Features October 2015 Issue

Strike a Pose for Pain Relief

Improve your functioning by practicing a few yoga positions daily.

The evidence of yoga’s power over arthritis continues to grow. Recent research in the Journal of Rheumatology (July 2015) suggests yoga may help sedentary individuals living with arthritis to safely increase physical activity and improve their overall quality of life.

This finding reiterates a mantra Judi Bar, E-RYT, yoga program manager at Cleveland Clinic’s Wellness Institute, lives by. She believes, and instills in others, that “gentle yoga is a wonderful modality to bring the body, mind and emotions into alignment with one’s highest values.”

As evidence of yoga’s power continues to flood the medical field, the practice is becoming another important piece of solving the pain-management puzzle. Read on to learn how yoga can help connect the physical, mental and emotional elements needed for improved overall functioning.

Movements for mobility

Living with arthritis doesn’t mean you need to accept progressive waning mobility. In fact, studies continue to demonstrate how the ancient practice of yoga is beneficial to counteracting the effects of arthritis.
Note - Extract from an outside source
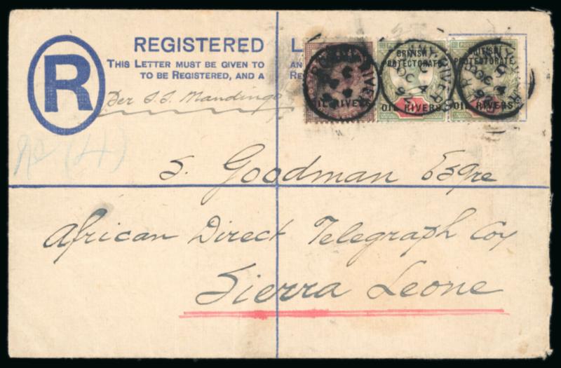 Bonny River: 1892 (Oct 4) 2d registered envelope (1892 July 2nd issue, size G, Gledhill type NR3 with die on backflap with Oil Rivers ovpt above and compensation table to £25 with thick lines), sent to the Africa Direct Telegraph Co. in Sierra Leone with 1892-94 1d and two 2d tied by Bonny River code "C" cds, endorsed "Per S.S. Mandringo", reverse with Freetown arrival, not only a scarce and early commercial usage of a registered envelope, this example is the only recorded use of type NR3, a postal stationery rarity. (Image)

“Physically, yoga brings alignment of bones, lengthens muscles to increase range of motion, and brings mobility into the joints with focused awareness—all so that one can move with greater ease,” explains Bar. “Movements can be slow so that one can come into a relaxed state and move with grace.”

As yoga increases one’s mobility, individuals will begin to notice their overall physical well-being improve steadily as well, Bar explains. “Yoga provides better functional movement and range of motion from varied stretching and strengthening of the muscles, and moving the joint stimulates the synovial fluid in the joints,” she says. “Also, because you are being mindful when moving, you can gauge how much you do in a day depending on how you are feeling.”

Bar recommends full yogic breathing, based on the Hindu philosophy, to assist in improving physical and psychological health, “[Full yogic breathing] opens internal space,” she says. “We can take in more essential nutrients from oxygen when relaxing the belly on inhale and allowing the navel to come toward the spine on the out breath.”

The mind-heart connection

Modern day life has its way of speeding us up to the point where we often end up moving quickly through the day. Because of this, we miss key insights we would have picked up on if we were more focused on the present moment, explains Bar. This daily race often leads to missed opportunities to improve your physical function as well.

“Linking movement with breath helps you to better feel a stretch,” Bar says. “Yoga connects our mind and our heart through the breath. This mind-heart connection sparks an individual to be more present.

“Empowered with a systematic proven ancient practice, we can integrate gentle and functional movement into our day to smooth out movement within the body systems,” says Bar.

“By smoothing out the mind and creating open hearts to be gentle we become grateful for all our body does for us each day,” she says.